Schwerstkranke stellen die Forderung nach einem menschenwürdigen Sterben und verbinden nicht selten damit den Wunsch, ihre Lebenszeit und den Zeitpunkt des Todes selbst zu bestimmen. Es gibt verschiedene Formen der Sterbehilfe, die unterschiedliche Auswirkungen auf das Sterben des todkranken Patienten und die Beteiligten haben kann.

Aktive bzw. direkte Sterbehilfe

Unter aktiver Sterbehilfe versteht man das gezielte Töten eines Menschen auf dessen ausdrückliches Verlangen hin zum Beispiel durch das Verabreichen eines tödlichen Präparates (Tablette, Spritze, Infusion). Diese Art der Sterbehilfe ist strafbar in Deutschland.

Eine andere Form der aktiven Sterbehilfe ist der so genannte "Ärztlich assistierte Suizid". Bei dieser Beihilfe zur Selbsttötung stellt ein Arzt dem Kranken ein tödlich wirkendes Mittel zur Verfügung. Diese Art der Hilfestellung ist in Deutschland zwar nicht verboten, aber die geeigneten Wirkstoffe dürfen nicht verschrieben werden, da sie gegen das Arzneimittelgesetz verstoßen.

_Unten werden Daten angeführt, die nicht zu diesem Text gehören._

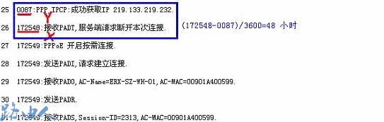 路由器的每条系统日志由一个编号和内容组成,内容的前部数字为路由器开机后运行的时间参数,单位为秒(s),可先后记录接受PADT的时间为X,此日志前面的最相近的显示成功获取IP的日志的时间为Y,(X-Y)/3600即得出多长时间断线。一般情况下看到的现象是24(86400s)或48(172800s)小时会自动断线,然后自动拨号,下图的用户分别在86400,172800,这种情况是由于ISP会在一个帐号认证了24或48小时后获取的动态IP的地址租期达到了设定的时间,因此会收回原有IP资源,再重新分配的过程,属于正常的行为,使用路由器的情况下只要设置连接模式为自动连接即可。
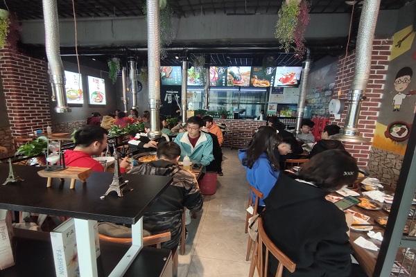 部分班委提前前往阜埠河上玖烤肉店预定座位,并等待同学们的到来。12时整准时开始聚餐活动,班级同学分组分桌进行聚餐活动,现场气氛活跃。

Der Suizidhelfer verstößt in Deutschland grundsätzlich nicht gegen das Gesetz. Aber mit seiner Anwesenheit bei der Tötung macht er sich strafbar, da er im nächsten Moment zur Rettung verpflichtet wäre. Er kann wegen unterlassener Hilfeleistung belangt werden.

Passive Sterbehilfe

Der Begriff wird auch synonym mit „Sterbenlassen“ gebraucht. Durch den Verzicht auf lebensverlängernde Maßnahmen bei einem unheilbar kranken Menschen wird diesem ein menschenwürdiges Sterben ermöglicht. Sein Sterbeprozess wird nicht unnötig verlängert. Voraussetzung dabei ist das ausdrückliche Einverständnis des Patienten.

Mehrere Ärzte beraten sich und müssen feststellen, dass jegliche medizinische Versorgung das Leiden nur noch verlängert und nicht sinnvoll ist. Im weiteren Verlauf halten die Medizinier immer wieder Rücksprache und beraten darüber, wie die Behandlung fortgesetzt wird. Dabei binden sie sowohl den Patienten als auch die Angehörigen mit ein.

Nicht nur medizinische, sondern auch ethische Fragestellungen werden besprochen. Bei schwierigen Entscheidungen kann sich der behandelnde Arzt etwa in einem Krankenhaus, Hilfe bei einem „hausinternen Ethikrat“ holen.

Indirekte Sterbehilfe

Ärzte leisten indirekte Sterbehilfe, wenn sie dem Patienten schmerzlindernde Medikamente geben, von denen bekannt ist, dass sie die Lebensdauer verkürzen. Aus rechtlicher Sicht ist dies zulässig und ethisch vertretbar.

Euthanasie

Der Begriff kommt aus dem Griechischen und lässt sich mit „guter Tod“ übersetzen. Im Nationalsozialismus wurden im Rahmen eines Euthanasie-Programms zahlreiche Menschen mit körperlicher und geistiger Behinderung ermordet. Deshalb wird der Begriff im deutschen Sprachgebrauch nicht mehr synonym für Sterbehilfe verwendet.